331,482,551, 263,383,242,111

To find the odd term in the series: 331, 482, 551, 263, 383, 242, 111, we will analyze each term based on a specific pattern. ### Step-by-Step Solution: 1. **Identify the Structure of Each Term**: Each term in the series can be broken down into three digits.

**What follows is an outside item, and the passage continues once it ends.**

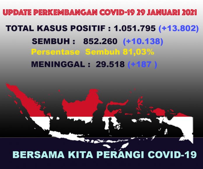 (Vibizmedia – Nasional) Berikut adalah angka akumulatif perkembangan data kasus Covid-19 dari seluruh Indonesia hingga tanggal 29 Januari 2021.

For example: - 331 → 3, 3, 1 - 482 → 4, 8, 2 - 551 → 5, 5, 1 - 263 → 2, 6, 3 - 383 → 3, 8, 3 - 242 → 2, 4, 2 - 111 → 1, 1, 1 2. **Apply the Pattern**: We will check if the second digit of each term is equal to the product of the first and third digits. - For 331: \(3 \times 1 = 3\) (Matches the second digit 3) - For 482: \(4 \times 2 = 8\) (Matches the second digit 8) - For 551: \(5 \times 1 = 5\) (Matches the second digit 5) - For 263: \(2 \times 3 = 6\) (Matches the second digit 6) - For 383: \(3 \times 3 = 9\) (Does NOT match the second digit 8) - For 242: \(2 \times 2 = 4\) (Matches the second digit 4) - For 111: \(1 \times 1 = 1\) (Matches the second digit 1) 3. **Identify the Odd Term**: From the above checks, we see that all terms follow the pattern except for 383, where \(3 \times 3 = 9\) does not equal the second digit 8. Thus, the odd term in the series is **383**.